Biden’s $6 Trillion Budget Is Here. What It Means For Markets.

By Daren Fonda

The market appears to be taking a wait-and-see approach to President Joe Biden's first budget. / Chris Kleponis/CNP/Bloomberg

President Joe Biden  unveiled his first budget to Congress on Friday, asking for $6 trillion in spending for 2022, escalating to $8.2 trillion in 2031. 

It’s an ambitious 10-year plan to increase government spending by trillions of dollars, while raising a host of new taxes, in a bid to remake the U.S. economy.

Yet the market’s reaction has been to shrug it off. 

Stocks continued to rally on Friday after the budget came out with the  S&P 500  gaining 0.3%. 

Bond yields even fell a bit with the 10-year Treasury note at 1.58%.

At 72 pages, plus a 1,422-page appendix and 246-page analysis, the president’s budget presents a blueprint for his economic and social agenda. 

It assumes that Congress passes Biden’s two big legislative initiatives: the American Jobs Plan and the American Families Plan. 

Amid the tables, charts, and forecasts are also plenty of political aspirations—from revitalizing manufacturing and the “care economy” to free college tuition, expanded child tax credits, and green energy.

Near-term, the president is asking for an 8.6% increase in military and discretionary spending to $1.5 trillion for fiscal 2022. 

The rest of the budget goes to non-discretionary spending like Medicare and Social Security, along with emergency programs for Covid-19 relief. 

The long-term goal is to spend more than $4 trillion on infrastructure and social programs, much of it outlined in the aforementioned legislative plans.

The budget also includes initiatives to raise corporate and individual taxes. 

The proposed overhaul of corporate taxes, including an increase in the tax rate from 21% to 28%, would raise nearly $2.1 trillion over a decade, the White House forecasts. 

Closing corporate tax loopholes would contribute $64 billion, and the administration aims to raise $779 billion overall from enforcing Internal Revenue Service rules more stringently.

Biden’s plans also include an increase in the top marginal capital-gains tax rate to 43.4% on household income over $1 million, according to The Wall Street Journal, and a new tax on unrealized gains of individuals’ estates, with a $1 million exemption. 

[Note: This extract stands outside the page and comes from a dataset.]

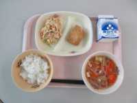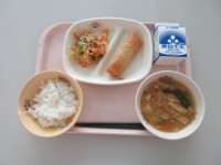 今日の給食は「ごはん 春巻き 糸うり入りサラダ 豆腐の中華煮 牛乳」です。今日は...

The proposed changes to the capital-gains taxes alone would raise $322 billion overall.

As with most White House budgets, Biden is making some optimistic assumptions about the economy, inflation, and interest rates. 

The budget assumes that real gross domestic product growth will average 2.4% for the next decade, in line with some private estimates and the Federal Reserve’s forecasts, but above the 2.2% forecast by the Congressional Budget Office.

The White House also sees unemployment dropping faster than CBO forecasts over the next few years, and it sees inflation contained at 2.4% in the long run. 

The White House sees only modest gains in short- and medium-term interest rates, topping out at 1.7% through 2027. 

That would be slightly above the current 10-year Treasury yield.

None of this means the U.S. won’t continue to rack up large deficits. 

Biden sees the deficit falling to 4.6% of GDP in 2027, down from an estimated 16.7% in 2021. 

The deficit would then hold around that rate until 2031.

The revenue shortfalls would push up the U.S. debt sharply. 

Outstanding U.S. debt would increase by 50% over the next decade, adding $14.5 trillion to bring the total to $33.4 trillion. 

The U.S. economy would also grow by an estimated 52%. 

But public debt as a percentage of GDP would still increase, reaching 117% in 2031, up from an estimated 111.8% in 2022, according to White House forecasts.

These are all huge numbers that, in other economic circumstances, might be perceived negatively by the markets. 

But that isn’t happening now for several reasons.

One is that the near-term outlook is looking robust as businesses reopen and consumer spending ramps up with stimulus checks flowing through. 

With about half of U.S. adults now fully vaccinated—and on track for 70% by July 4—the market is looking forward to a strong second half of the year for corporate profits.

Fiscal policy is also competing against a host of other factors, including inflation data, interest rates, monetary policies, and international trade. 

And as Barron’s has noted, the markets are being supported by plenty of liquidity from the Fed.  

“The markets have been rigged by a lavish excess of money,” says strategist Ed Yardeni of Yardeni Research. 

He’s still bullish on stocks, he says, because the positive fundamentals are outweighing the negatives.

Overall, the market appears to be taking a wait-and-see approach to what emerges from Congress. 

Democrats will have to thread a needle through a closely divided House and Senate. 

In the Senate, there isn’t room for even one defection by Democrats, assuming no Republicans support the proposal.

Expect a long, hot political summer as lawmakers battle it out.